About this task:
Repeat the lines from the one containing "女生腿部好看的樱花纹身图案" through the end of the listing exactly, both ends included. Do not carry over any pictures.

Source material:
* * * * *

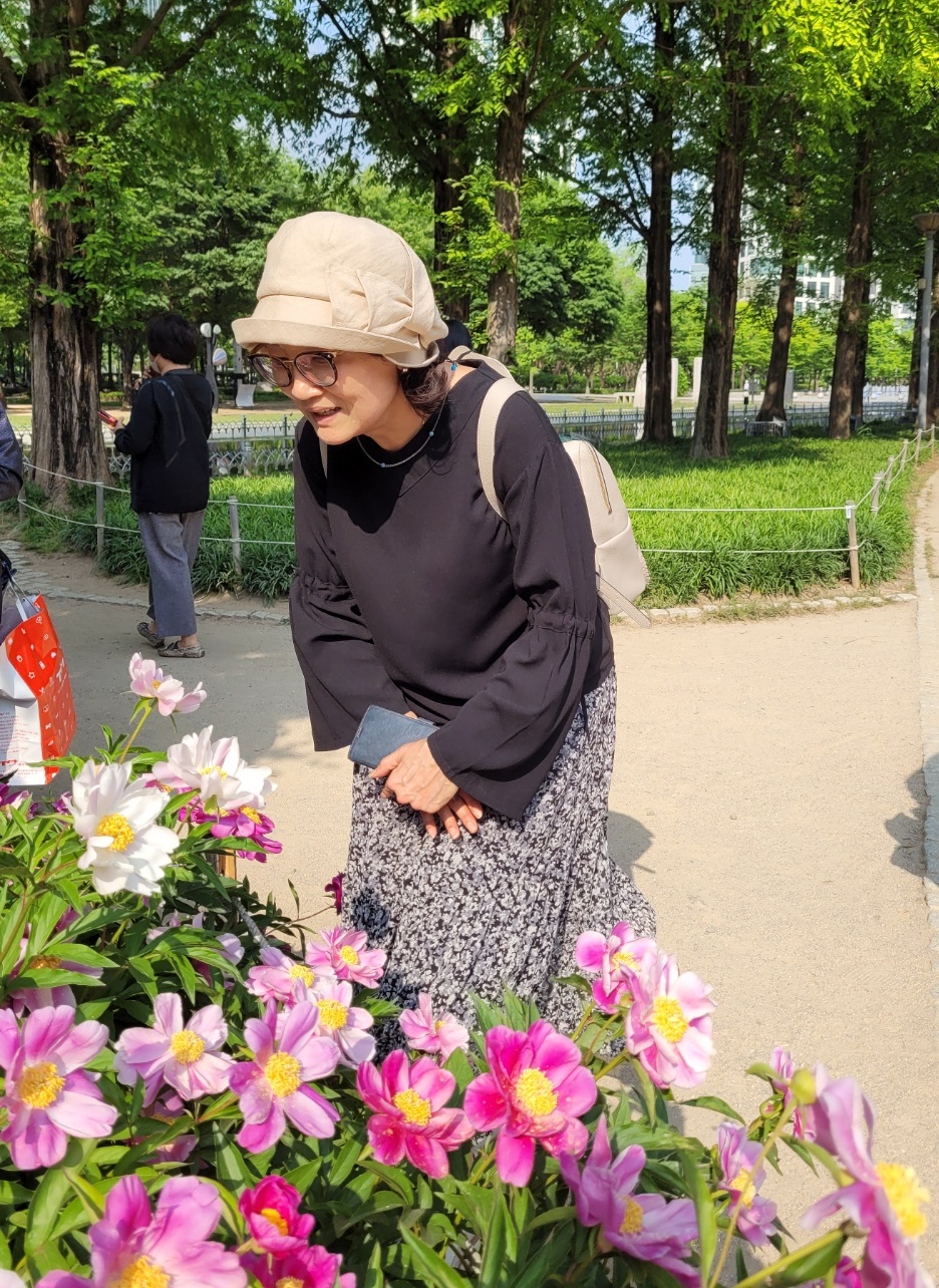 작약꽃을 보며 넋 잃은 내 표정이 너무 우습다.
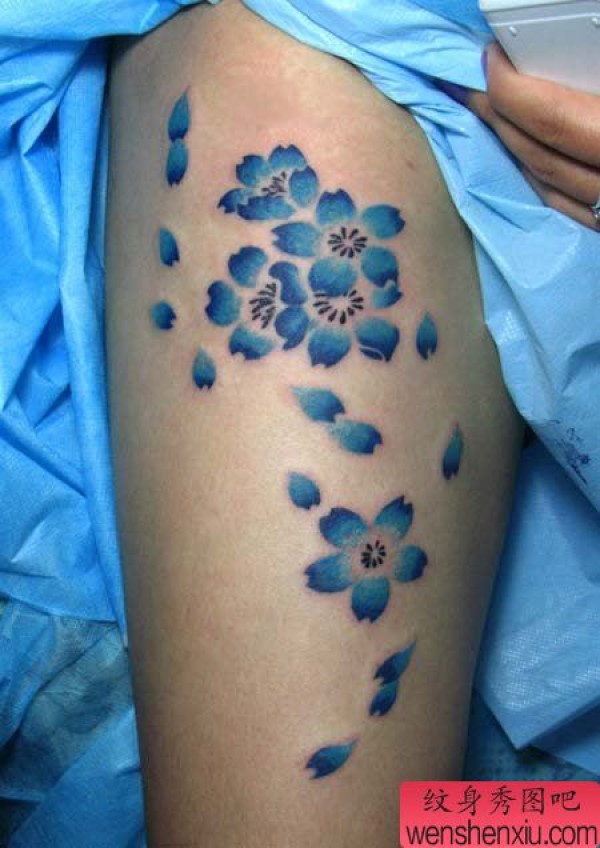 女生腿部好看的樱花纹身图案
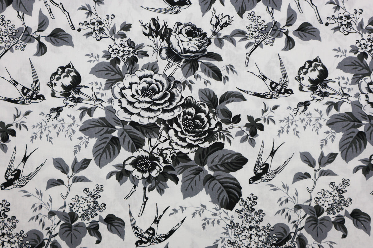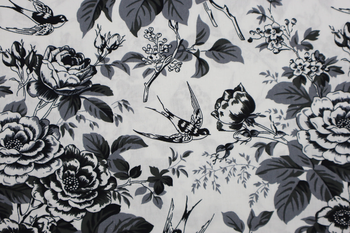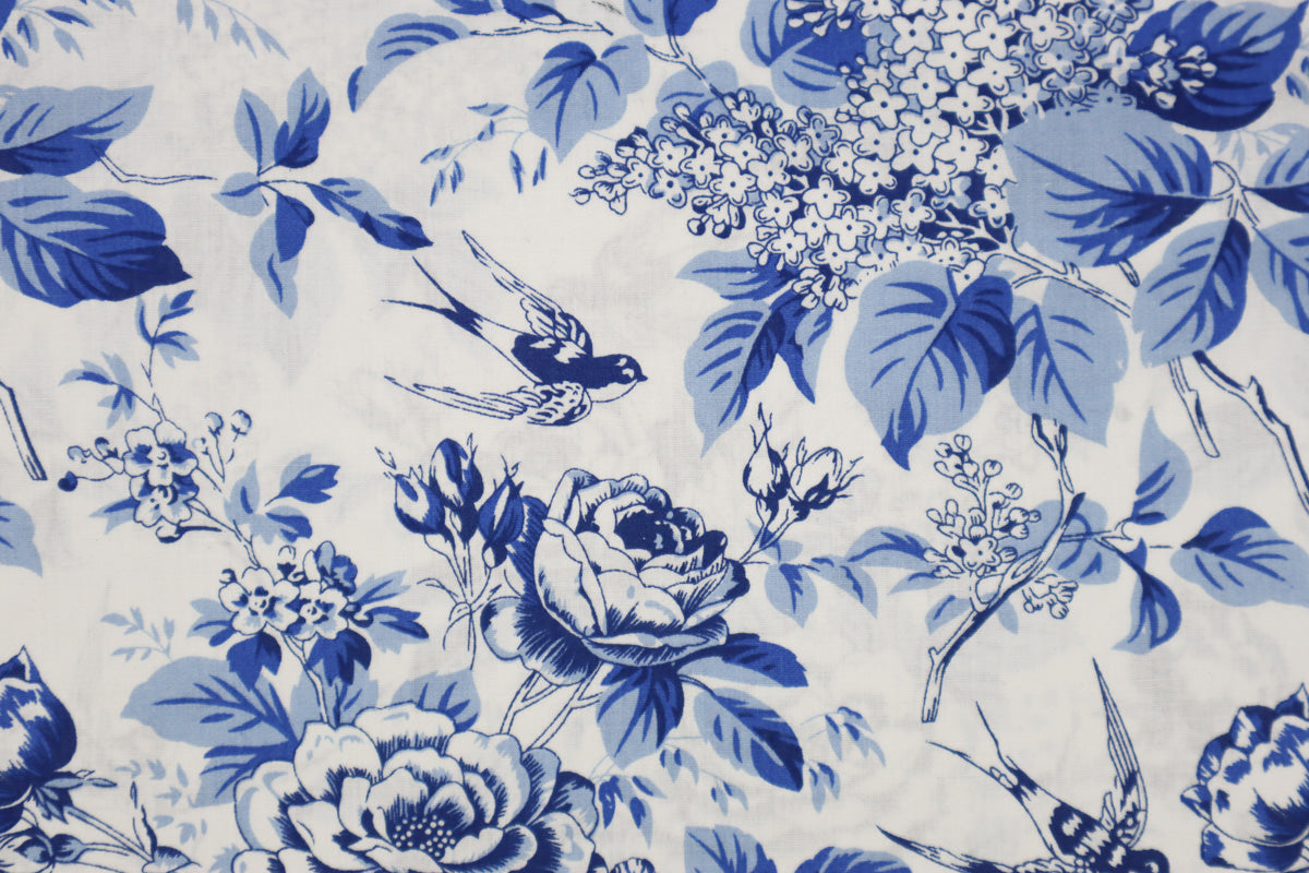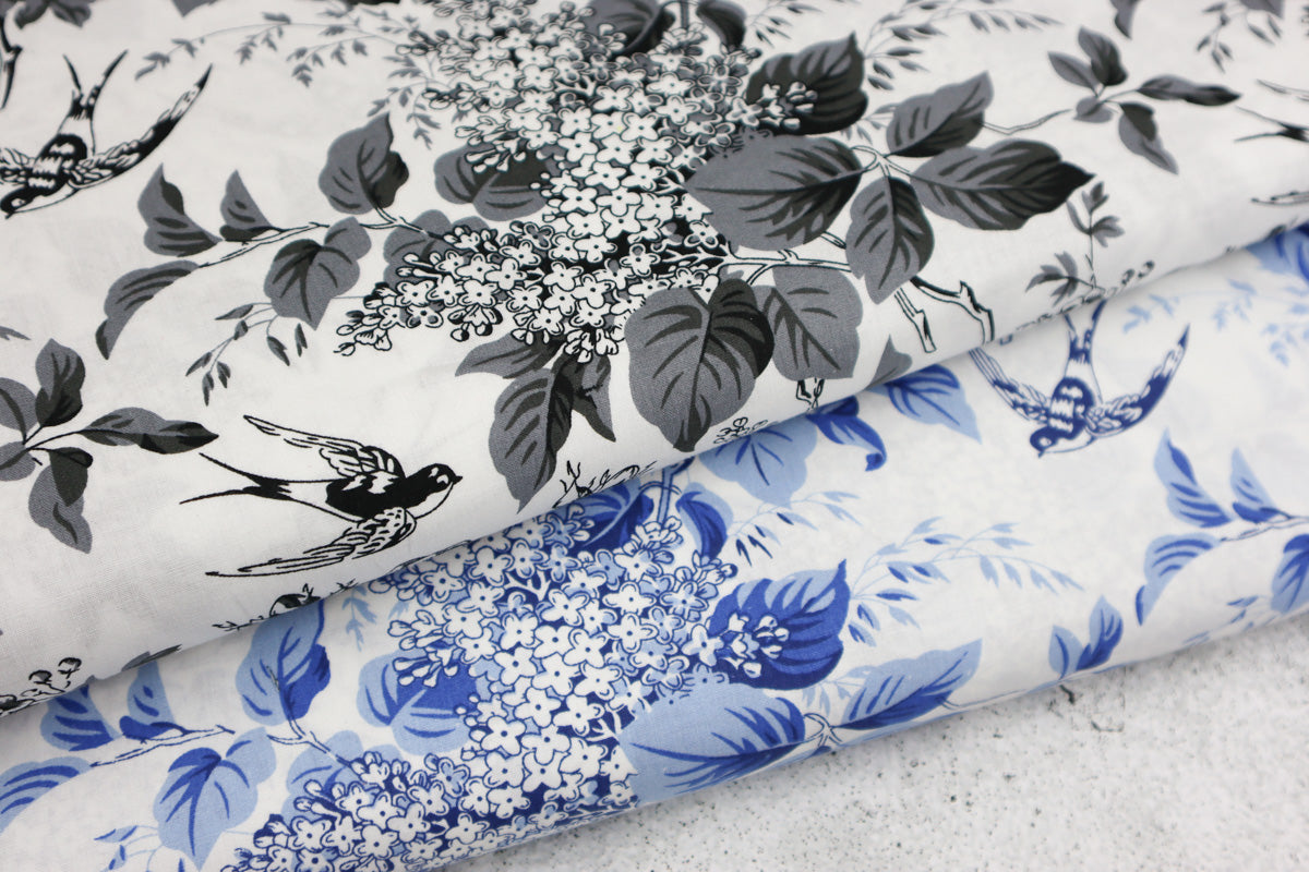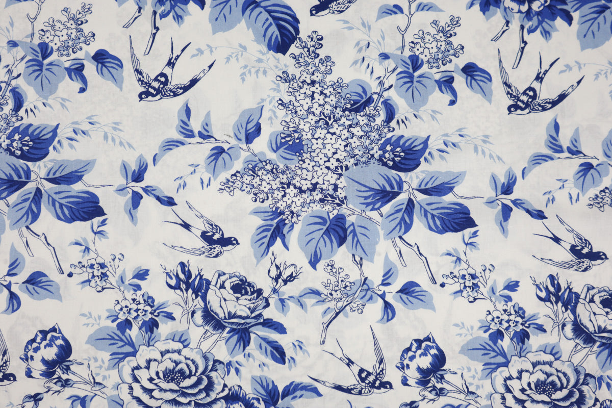 Tolles Muster mit blauen oder schwarzen Blüten und Schwalben auf weißem Hintergrund.

* * * * *

Answer to the exercise:
 女生腿部好看的樱花纹身图案
 Tolles Muster mit blauen oder schwarzen Blüten und Schwalben auf weißem Hintergrund.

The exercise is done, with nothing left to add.